Participants in 401(k)s in their 20s during the mid-1990s chose different asset allocations than those in their 20s at the end of 2015, according to new research from the Employee Benefit Research Institute.
The study “401(k) Plan Asset Allocation, Account Balances, and Loan Activity in 2015,” which looks at how 401(k) plan participants managed their asset allocations up to the end of 2015, allows a comparison with participants’ choices back in the 1990s.
It indicates that younger plan participants in 2015 had lower allocations to company stock and higher allocations to balanced funds than their predecessors in the 1990s.

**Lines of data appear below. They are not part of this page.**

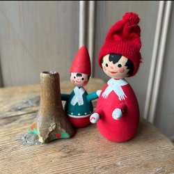 Retro Julpynt Trätomtar
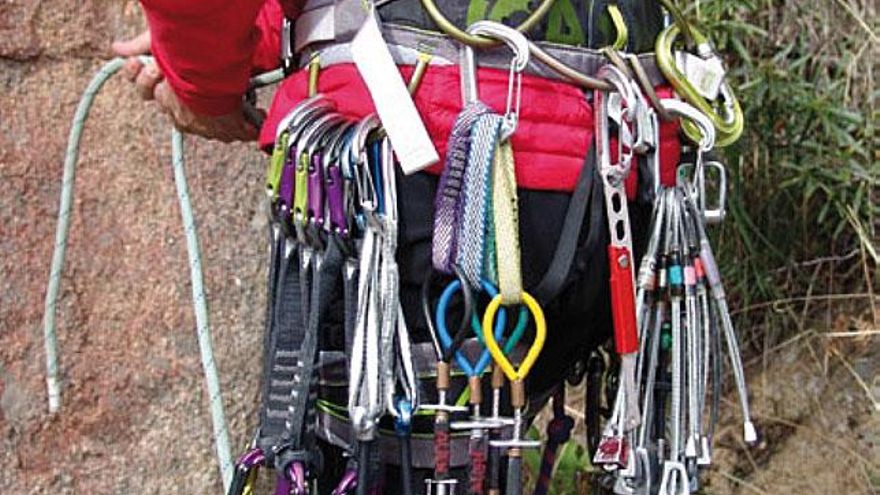 El Warden además cuenta con seis anillos portamateriales bien situados y accesibles. Una vez cargados a “tope” equilibran muy bien y están reforzados lo que permite meterles mucho material. El anillo ventral es grueso, de 25 mm, y con un sistema No Twist, patentado por Cassin, que impide el volteo del mosquetón del asegurador generando tensiones “extrañas” en el mismo.
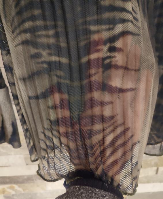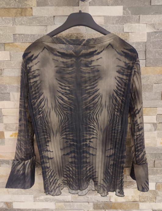 Ženska prozorna plisirana bluza v črno in zeleno - kaki barvi. Velikost primerna za S-36, dolžina 53 cm, širina čez prsi 43 cm, dolžina rokava 49 cm. Material: raztegljiv.
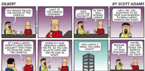 That is how experts are used in the news media. They don’t bring in experts to clarify, as in any matter of complexity, there are going to be differing views. Then, as with Dilbert above, it is up to us to decide which expert to trust.
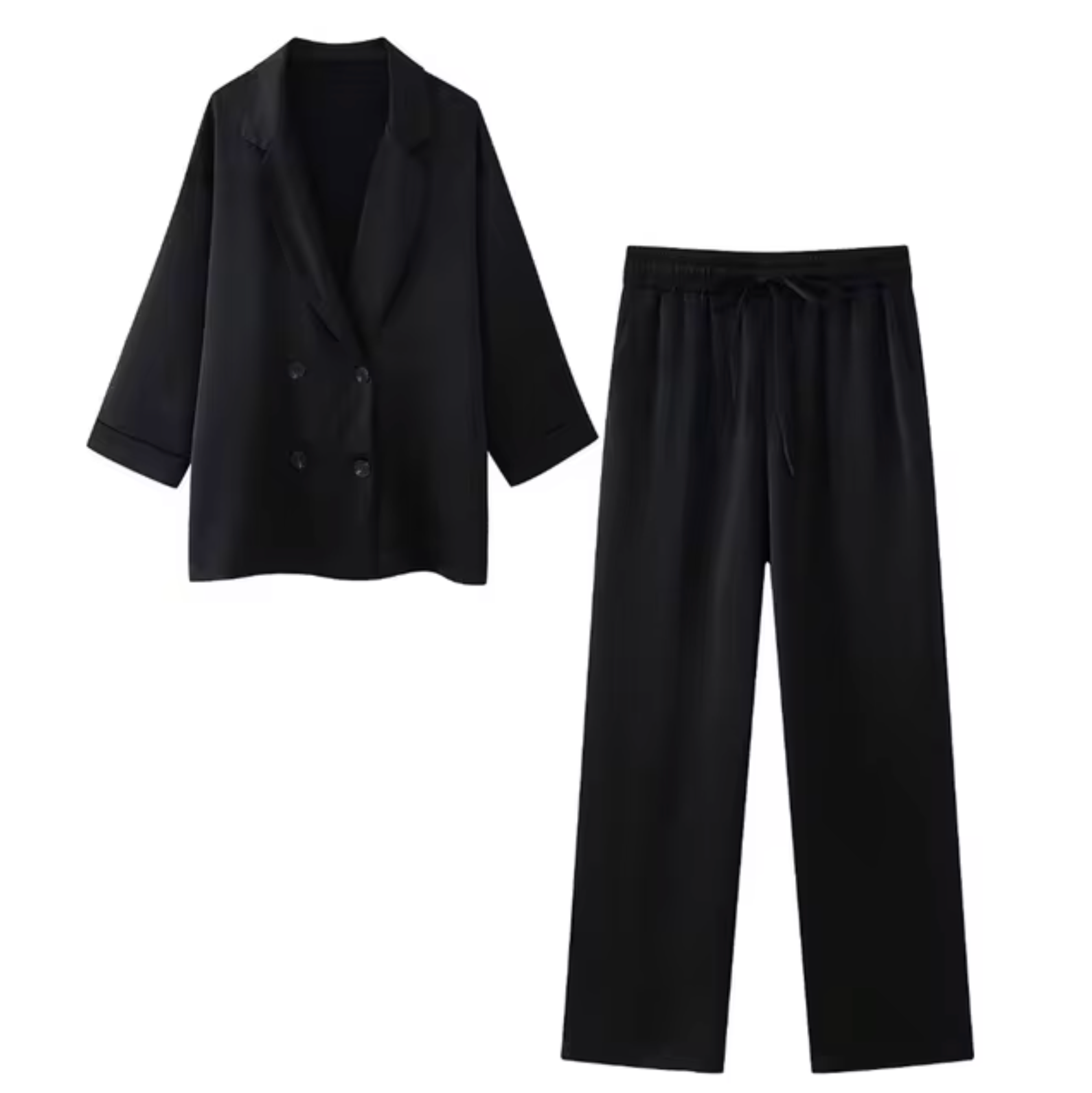 This suit jacket and trouser set is crafted from a premium fabric blend and features an on-trend crinkle effect for a chic, modern look. The double-breasted jacket offers a structured yet relaxed fit, while the matching trousers offer a tailored silhouette with a comfortable feel .
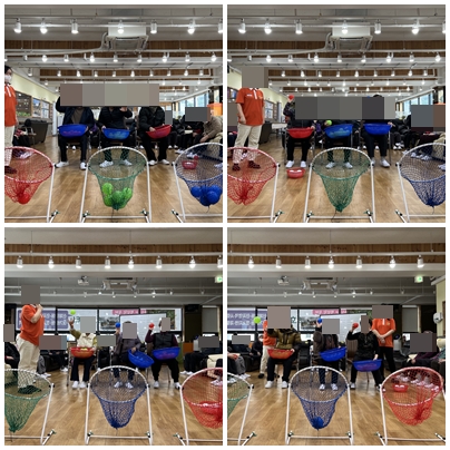 3개의 색깔이 표시된 골대에 같은 색의 공을 던져 넣어보는 활동으로 어깨의 회전근과,

While 2015’s participants allocated a similar share of aggregate assets to equities, the report says, they changed the mix. Today’s young participants are less concentrated in equity funds and company stock, but more so in balanced funds, including target-date funds.
In the report, Sarah Holden, ICI’s senior director of retirement and investor research, is quoted saying, “The data show that 401(k) plan investors in their 20s—whether the millennials of 2015 or the Generation Xers of 1996—have invested a large portion of their accounts in equities, but the composition of these equity investments has changed. One factor influencing this trend is that today’s younger investors are relying more on the automatic rebalancing feature of target-date funds to keep their assets allocated in an age-appropriate way as they progress through their careers.”
And while these younger participants’ equity allocation has been high—77 percent for those in the 1990s, 80 percent for those in 2015—they’re using different vehicles.
At year-end 2015, participants had 28 percent of aggregate assets in equity funds, while in in 1996 those younger participants put 55 percent into equity funds.
And also in 2015, just 5 percent is in company stock, while in 1996 it was 17 percent.
But 54 percent of assets in 2015 were in balanced funds, 47 percent of that in target-date funds.
In 1996, however, 20-somethings only had 8 percent in balanced funds (target-date funds weren’t separately reported in the database, says the report, till 2006).
It adds, “These trends also are mirrored among all age groups in the database. Overall, allocations to company stock decreased from 19 percent in 1996 to 7 percent in 2015, allocations to equity funds decreased from 53 percent in 1996 to 43 percent in 2015, and balanced funds increased from 7 percent of assets in 1996 to 25 percent in 2015.”